I amsterdam City Card — Lohnt sie sich?

Die I amsterdam City Card bündelt 70+ Museen, unbegrenzten GVB-Nahverkehr, eine Grachtenfahrt und 24 Std. Fahrradverleih — sie lohnt sich ab etwa drei kostenpflichtigen Attraktionen pro Tag plus Tram- und Metrofahrten.

Die I amsterdam City Card ist der offizielle Sightseeing-Pass der Stadt: Eine Karte bündelt 70+ Museen, unbegrenzten GVB-Nahverkehr, eine kostenlose Grachtenfahrt und 24 Stunden Fahrradverleih in einem festen Zeitfenster von 24 bis 120 Stunden. Die Preise 2026 reichen von €67 für 24 Stunden bis €140 für 120 Stunden (rund €28 pro Tag in der höchsten Stufe).

Ob sie Geld spart, hat eine ehrliche Antwort — es hängt von Ihrem Tempo ab. Die Karte belohnt Dichte: etwa drei oder mehr kostenpflichtige Attraktionen pro Tag plus regelmäßige Tram- und Metrofahrten, dann gewinnt sie deutlich.
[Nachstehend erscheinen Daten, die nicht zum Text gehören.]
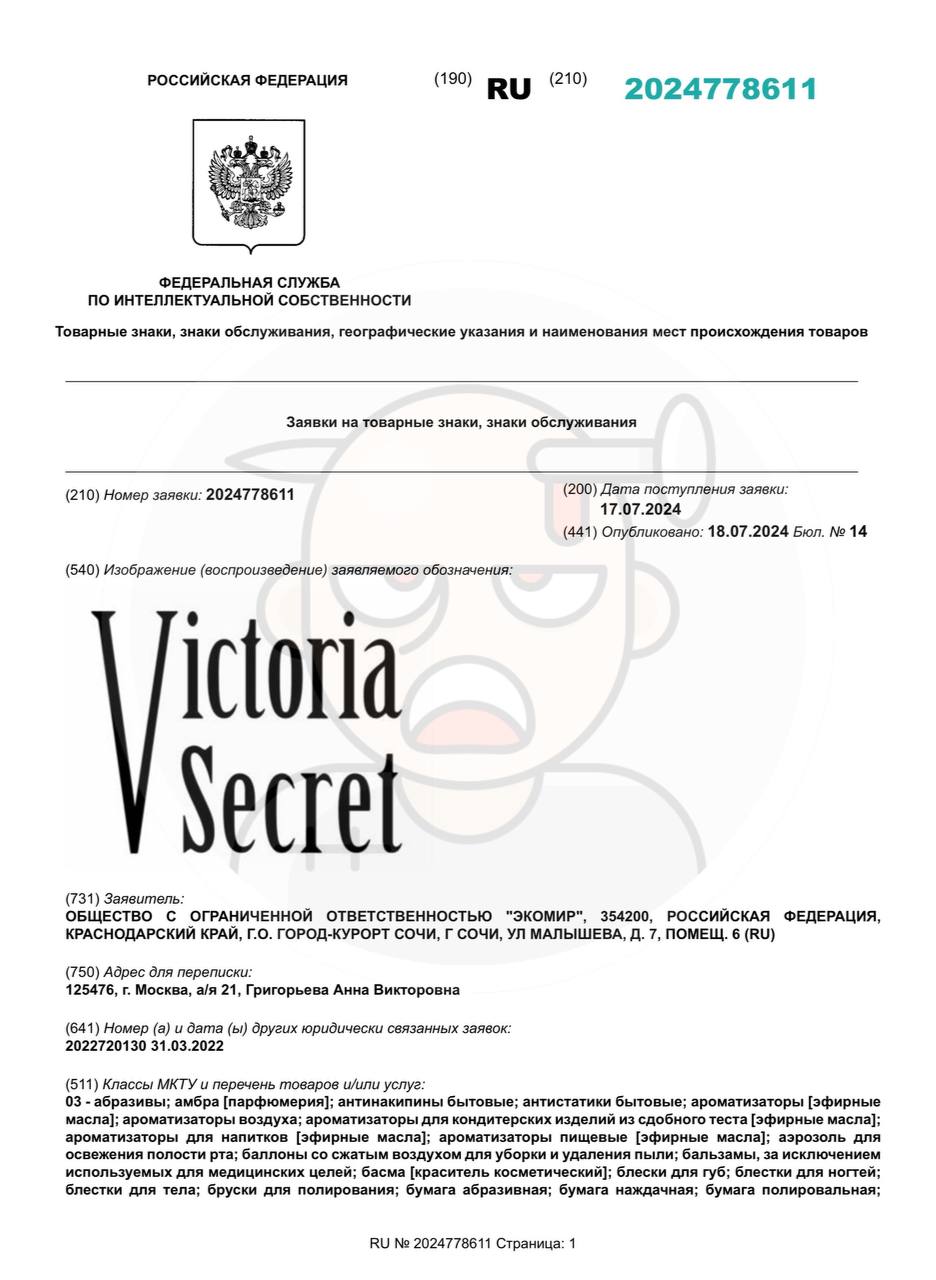 ООО из города Сочи пытается экспроприировать товарный знак Виктория Сикрет для множественных категорий.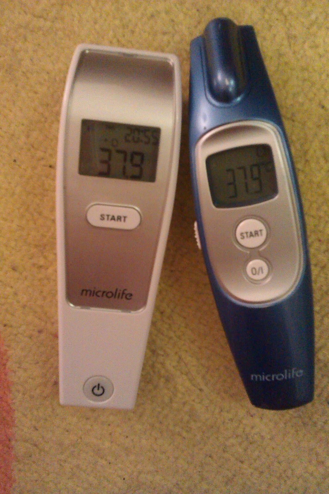 Microlife. Dva výrobky, jedna značka. Jeden starší, druhý mladší. Prvý Microlife100 (modrý teplomer) sme si zaobstarali, keď sa nám narodila druhá dcérka. Za tie roky používania sme ani raz nemuseli meniť batériu a pritom deti boli stále choré. Pred nedávnom k nám do rodiny pribudol aj mladší brat Microlife150, vďaka zapojeniu do súťaže. Po dnešnom krátkom výlete nám ochorela staršia dcérka, tak som ich porovnávala. Aj výzorovo.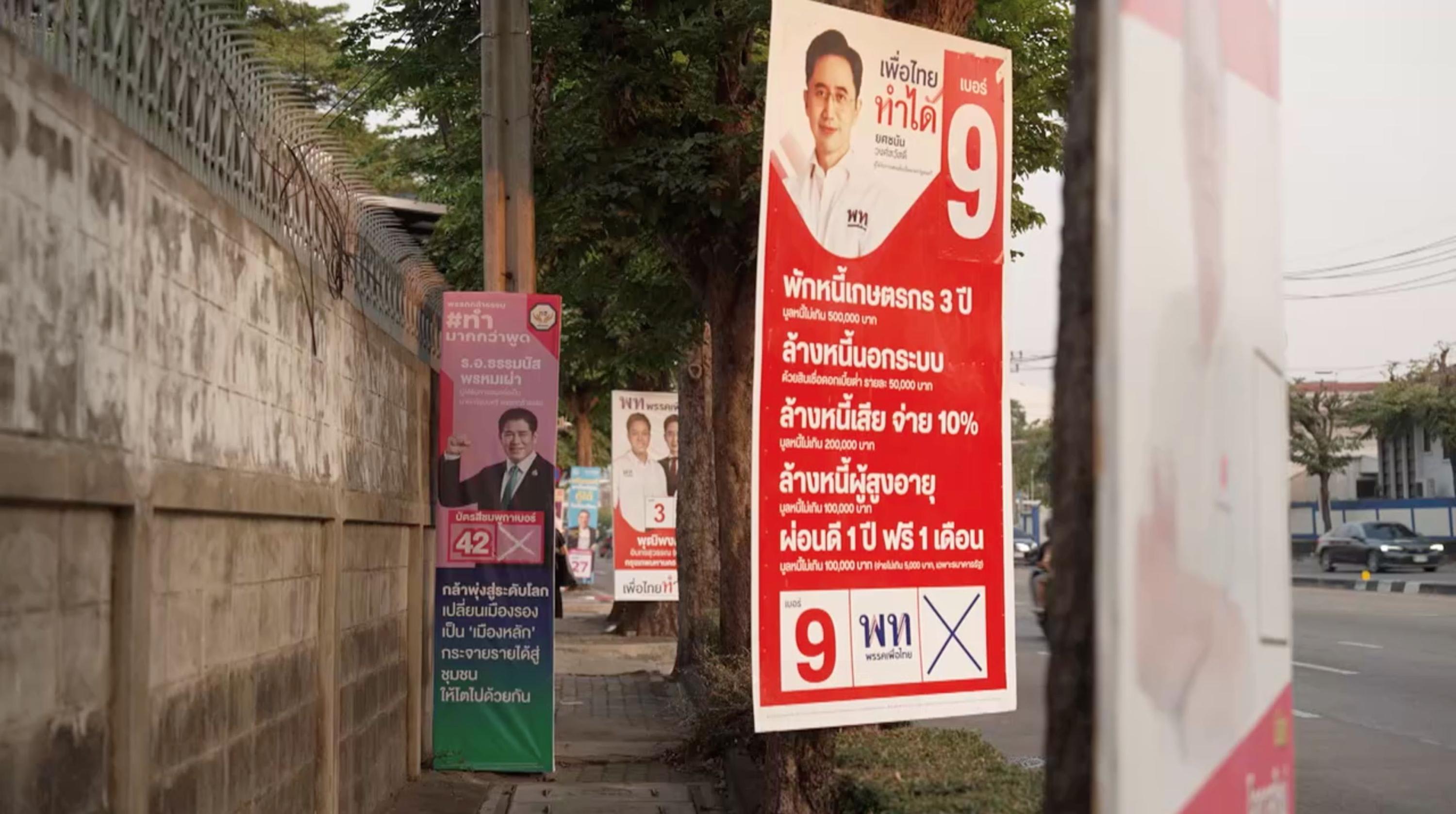 大选即将来临,泰国街景出现各政党横幅。
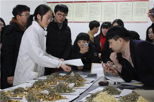 2017年12月28日至2018年1月18日,韩国圆光大学药学院韩药科21名学生来我校交流访问,开启了为期22天的中医药文化之旅。本次交流活动以传统中医药和湖湘文化体验为主线,开设了中药、推拿、传统保健、中国传统文化和汉语口语等课程。学生通过中韩文双语授课学习了中药概况、中药鉴定、中医推拿、五禽戏、湖湘文化等知识,课余参观了学校校园、中药标本馆,附属医院等。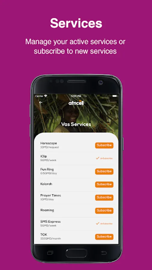 · Validity Service: Subscribe to the Africell Validity service and maintain your line for one year even when not in use.
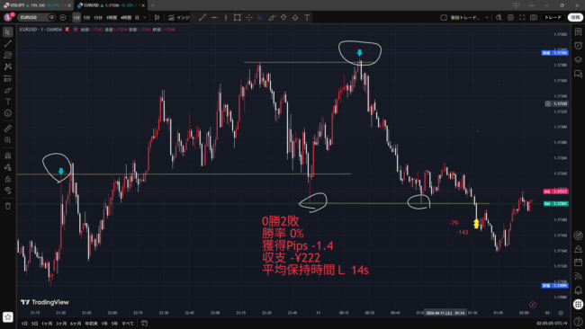 1回目のトレードは上記の通りの動きがでて逆張りした。残念ならがらリバウンドの上昇が起こることはなく、更に下げたところでロスカットした。
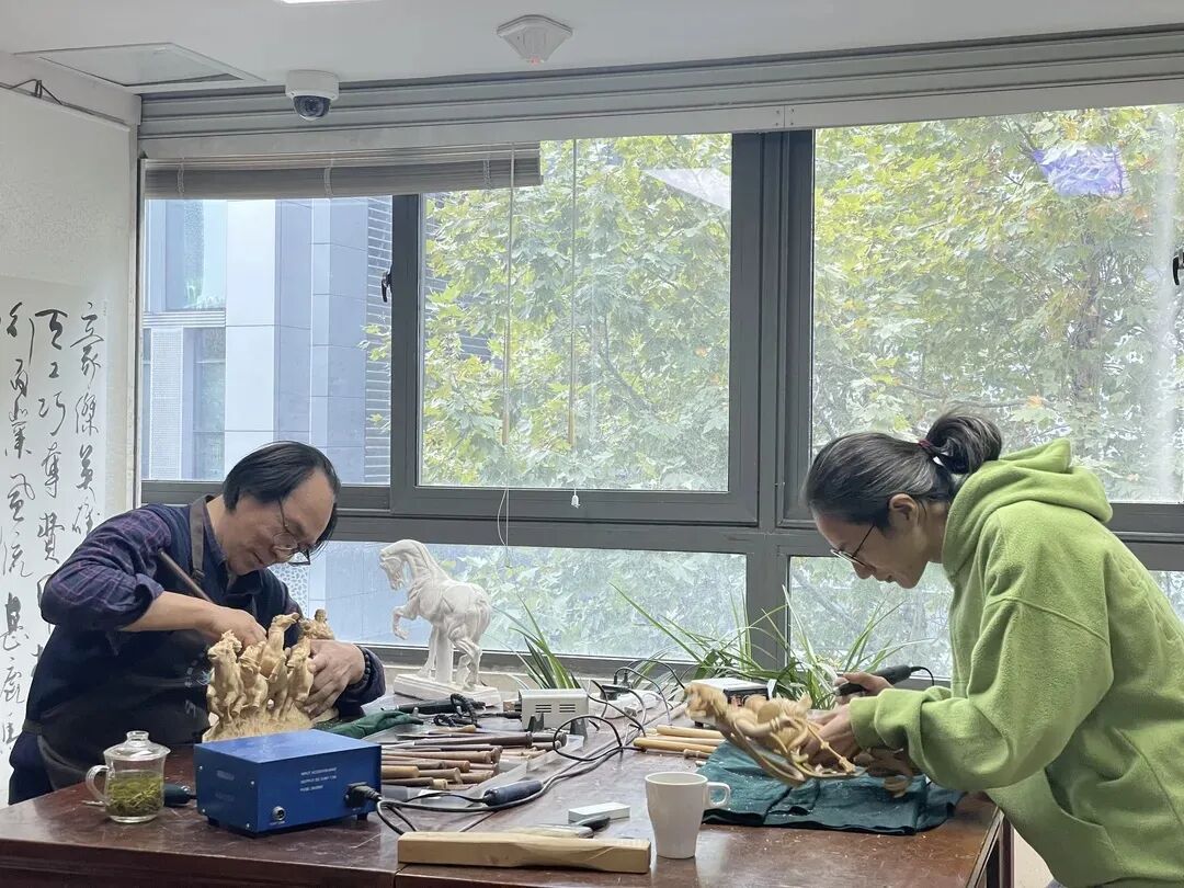 工美馆最具特色的“大师工作室”包含西湖绸伞制作、油纸伞制作、手工制扇、杭州手绣、杭州机绣、萧山花边等二十余项非遗技艺,入驻国家级、省市级工艺美术大师及传统手工艺传承人三十余人,这些大师不仅定期在馆内创作,还会现场演示技艺,如刺绣的“双面异色绣”、木雕的“镂空雕”等,让观众亲眼见证非遗的精湛工艺,为观众提供近距离接触、观赏非遗技艺、体验传统手工艺制作的机会。

Dieser Ratgeber rechnet die 2026er-Zahlen durch, nennt die Ausnahmen (Van Gogh Museum und Anne-Frank-Haus sind nicht enthalten) und erklärt den neuen Explorer-Pass, damit Sie vor dem Kauf entscheiden können.

Preis €67 (24 Std.) · €94 (48 Std.) · €115 (72 Std.) · €130 (96 Std.) · €140 (120 Std.)
Inklusive 70+ Museen, unbegrenzt GVB, eine Grachtenfahrt, 24 Std. Fahrradverleih
Neu 2026 Explorer-/Special-Edition-Pass ab €44 — zahlen pro Attraktion (3 oder 5) statt pro Stunde
Nicht enthalten Van Gogh Museum, Anne-Frank-Haus, der Flughafenzug, Regionalbusse
Ideal für Schnelle Sightseer mit 3+ kostenpflichtigen Attraktionen pro Tag, die auch den Nahverkehr nutzen
Gültigkeit Zählt ab erster Aktivierung in Stunden (erster Tap oder Scan), nicht in Kalendertagen
I amsterdam City Card kaufen — ab €67

Was die I amsterdam City Card enthält

Die Karte basiert auf drei Wertbausteinen: freier Museumseintritt, freier Nahverkehr und eine kostenlose Grachtenfahrt — dazu 24 Stunden Fahrradverleih und eine Ebene an 25%-Rabatten. Allein der Nahverkehr deckt oft einen spürbaren Teil des Preises, denn GVB-Tram, -Bus, -Metro und -Fähre sind für das gesamte Zeitfenster unbegrenzt, inklusive Nachtbus.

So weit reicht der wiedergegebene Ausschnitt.